Гумилев помнил обеих племянниц по Слепневу двухгодичной давности, особенно, конечно, Марию, которая с видимым интересом помогала ему разбирать фолианты XVIII века, сохранившиеся в библиотеке (Ольга в те дни была ребенком не только по нраву, но и по летам). Высокая, тонкая, голубоглазая и белокурая Маша Кузьмина-Караваева напоминала грустных богинь и ангелов Боттичелли («светлым ангелом» ее величали и в семье), никогда не принимала участия в усадебных забавах, была пуглива и беседовала со всеми с необычайной для возраста рассудительностью. По-видимому, она была поражена, услышав рассказ Гумилева о приключениях в Амхаре и Каффе, допытываясь затем, для чего же понадобилось дядюшке совершать столь дальний и опасный путь. Гумилев, отчаявшись объяснить, прозвал рассудительную Машу «тургеневской девушкой»:
Никогда ничему не поверите,
Прежде чем не сочтете, не смерите,
Никогда никуда не пойдете,
Коль на карте путей не найдете.
«Я живу здесь очень мило, – писал он на исходе второй слепневской недели Зноско-Боровскому. – Здесь две прелестные кузины, крокет, винт, верховая езда и т. д.». Приходил срок встречать в Петербурге Ахматову. В Царском Селе на Бульварной он нашел письма от Андрея Белого со стихами для «Аполлона» и от писателя Робакидзе с просьбой о публикации грузинских символистов, ответил и тому, и другому, а вечером демонстрировал Комаровскому и Ольге Делла-Вос-Кардовской купленную в дом модную мебель «птичий глаз» (серо-зеленое дерево и фарфоровые медальоны-инкрустации). О подробностях следующего дня сведений нет, но известен его итог: Гумилев (письмом или через какого-то вестника) узнал про ахматовское бегство в Париж. Тут уже и гадать было нечего – разрыв. В Бежецке Анна Ивановна была вне себя:
– Служил бы в гвардии, пошел бы по дипломатической части! Нет, стал поэтом, пропадал зачем-то в Африке, – вот и жену нашел чуднýю – себе под стать!..

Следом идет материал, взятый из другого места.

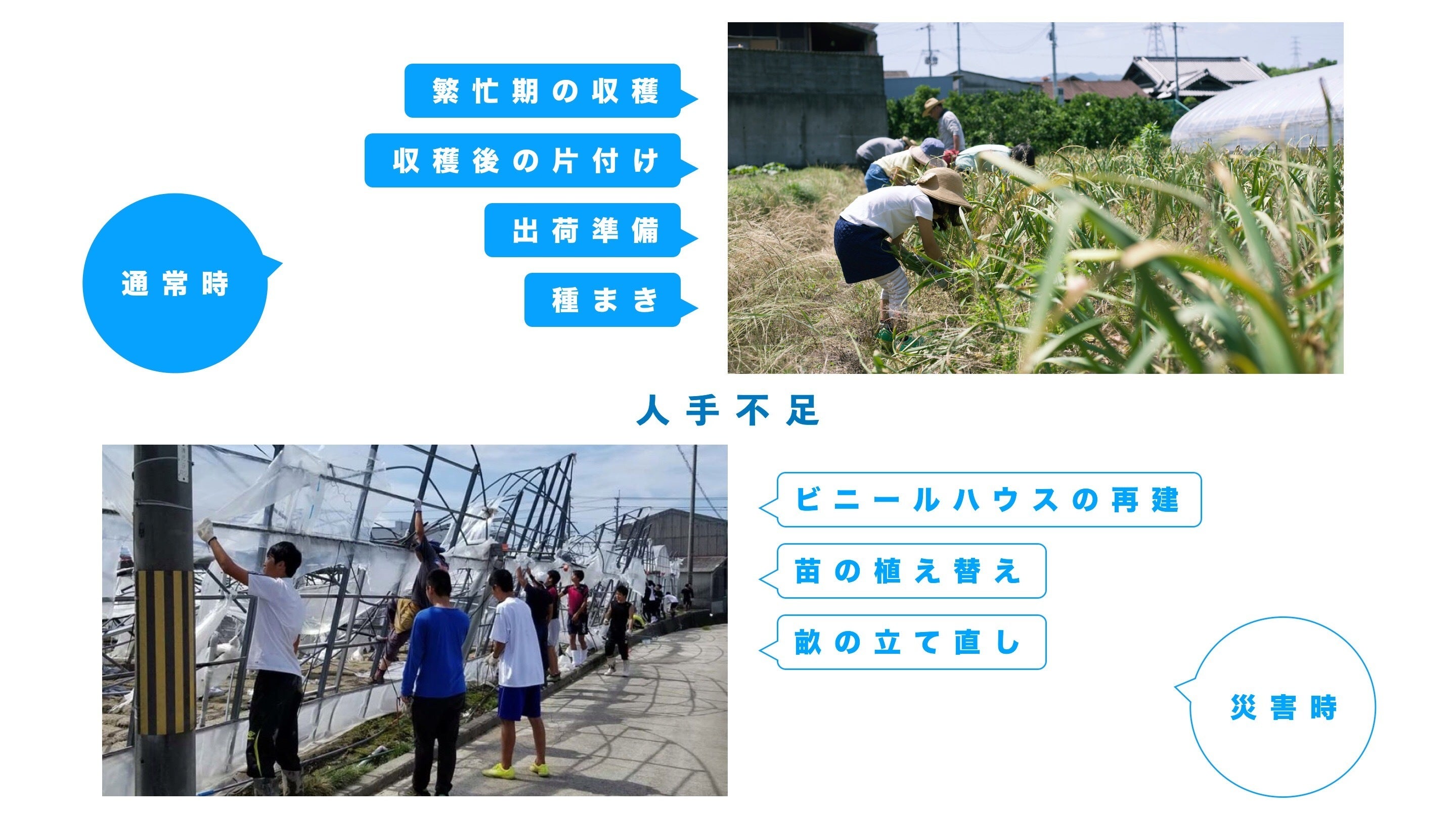 都市型農業と呼ばれる大阪の農業は、実は「慢性的な人手不足」という問題を抱えています。大規模な地方の産地のように、通年人を雇うほどの規模はなく、しかし繁忙期には人手が足りなく、家族や個人でなんとかまわしているというような状況です。

Нахмурившись, Маша Кузьмина-Караваева строго и правильно, как всегда, говорила о святости семейных уз и очень сочувствовала дядюшке. Гумилев уже знал, что она с зимы стала слаба легкими и недомогает все больше и больше – лихорадочный румянец с каждым летним днем проступал отчетливее. С ней происходило что-то необычное, далекое и неземное, словно усадебная «тургеневская девушка» в темно-лиловом платье на глазах превращалась в просветленную молитвой и постом послушницу-черницу. В эти тяжелые июньские недели Гумилев постоянно искал встреч во время неизменного дневного отдыха больной, сидел в соседней комнате с книгой, открытой на одной и той же странице. Вместе они ездили в Борисково, к тамошним Кузьминым-Караваевым, и, устроив в шарабане невесомую, тихо улыбающуюся спутницу, Гумилев договаривался с прочими участниками поездки не обгонять шарабан верхом – «чтобы Машенька не дышала пылью».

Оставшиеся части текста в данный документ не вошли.